According to the Financial Stability Report, India’s financial system is very strong
In the last week of June 2024, on June 27, the Reserve Bank of India (RBI) released its Financial Stability Report. This report is published biannually, every six months. The report states that the Indian economy and financial system remain robust, with better balance sheets enabling banks and financial institutions to effectively drive economic activity through loan expansions.
As of March 31, 2024, the capital adequacy ratio of scheduled commercial banks in India stood at 16.8%. The gross non-performing assets (NPA) ratio hit a multi-year low of 2.8%, and the net NPA ratio dropped to a record low of 0.6%. Not only are the scheduled commercial banks strong, but non-banking financial companies (NBFCs) also remain healthy, with a capital adequacy ratio of 26.6%, a gross NPA ratio of 4.0%, and a return on assets of 3.3%.
The strong capital adequacy ratios indicate that banks have sufficient capital to withstand economic shocks, while the low NPA ratios suggest that loans are being repaid on time without significant stress.
However, the RBI report also highlights certain risks emerging within the Indian economy. Globally, many developed countries continue to implement tight monetary policies, maintaining high-interest rates as inflation rates have not yet fallen to acceptable levels. For India, these risks are somewhat mitigated due to the country’s success in reducing inflation rates. Yet, post-COVID-19, Indian citizens face increased debt burdens, and there is a noticeable decline in the financial savings rate. The report particularly draws attention to these two risks.
According to the RBI, the household savings rate fell to 18.4% of GDP in FY 2022-23, down from an average of 20% between 2013 and 2022. Similarly, Indian citizens saved an average of 39.8% of their earnings between 2013 and 2022, but this dropped to 28.5% in FY 2022-23. Savings can be categorized into financial savings and savings for asset creation. While financial savings have decreased, savings for asset creation have increased, with more middle-class families saving for housing and car purchases. This trend has spurred economic activity, boosting consumption of materials like steel and cement and thereby creating employment opportunities.

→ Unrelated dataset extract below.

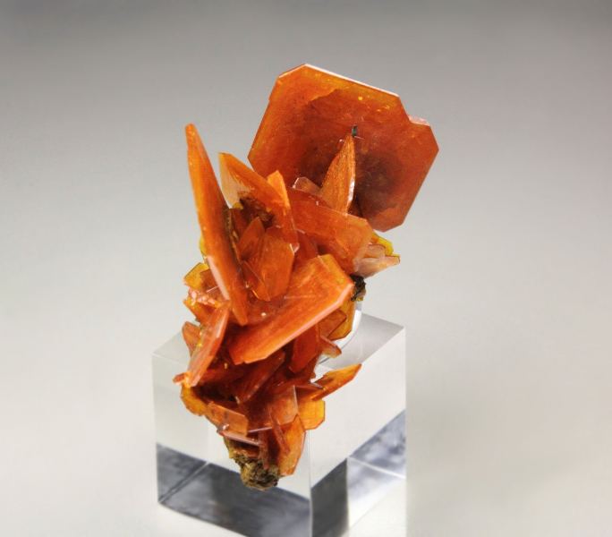 Fascinating specimen of rich orange Wulfenite crystals from Jianshan Mine, Xinjiang, China. It displays sharp, flat tabular crystals to 11mm sitting sculpturally on cluster. The crystals are lustrous and well shaped. It displays all over 360 degree. In excellent condition. On acrylic base., Beauty!Data last checked on 25th Aug 2021 - specimen may no longer be available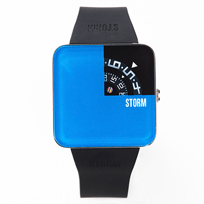 まずは「dinosアズ☆ネロ」の得意ジャンルの時計です!今回のご紹介は1989 年に英・ロンドンで誕生し現在イギリスで大人気のブランド、「ストーム」。スクアレックスは時刻が書かれたディスクが回転し、角型ケースの右上にある矢印部分で外側の数字が時を、内側の数字が分を表示します。また中央に近い丸窓からマルチカラーが動き時計が動いていることを確認できます。

The decline in financial savings is also due to greater financial literacy among citizens, who now prefer investing in capital markets and assets like gold and silver for higher returns rather than traditional bank and post office savings. Additionally, middle-class families are spending more on education and healthcare, leading to a reduced overall savings rate. Consequently, net financial savings saw a substantial decline of 11.3%, standing at 28.5% in FY 2022-23, compared to an average of 39.8% over the past decade.
During the COVID-19 lockdown, the household savings rate surged to 51.7%. However, post-pandemic, citizens increased their spending and asset investments, leading to a significant drop in the savings rate. Banks have also relaxed their loan criteria, making it easier for citizens to obtain loans for investments. This has maintained the loan growth rate above 15%, while the deposit growth rate has declined, affecting the incremental loan-to-deposit ratio, which now hovers around 100%.
Another emerging aspect is the recognition of environmental changes as a financial risk. Climate risks and cyber risks are now being regarded as serious threats. In the future, these risks could exert significant pressure on the Indian financial system. Climate change could impact India’s monetary policy, increasing the financial system’s risk exposure.
The author is an expert in economic affairs.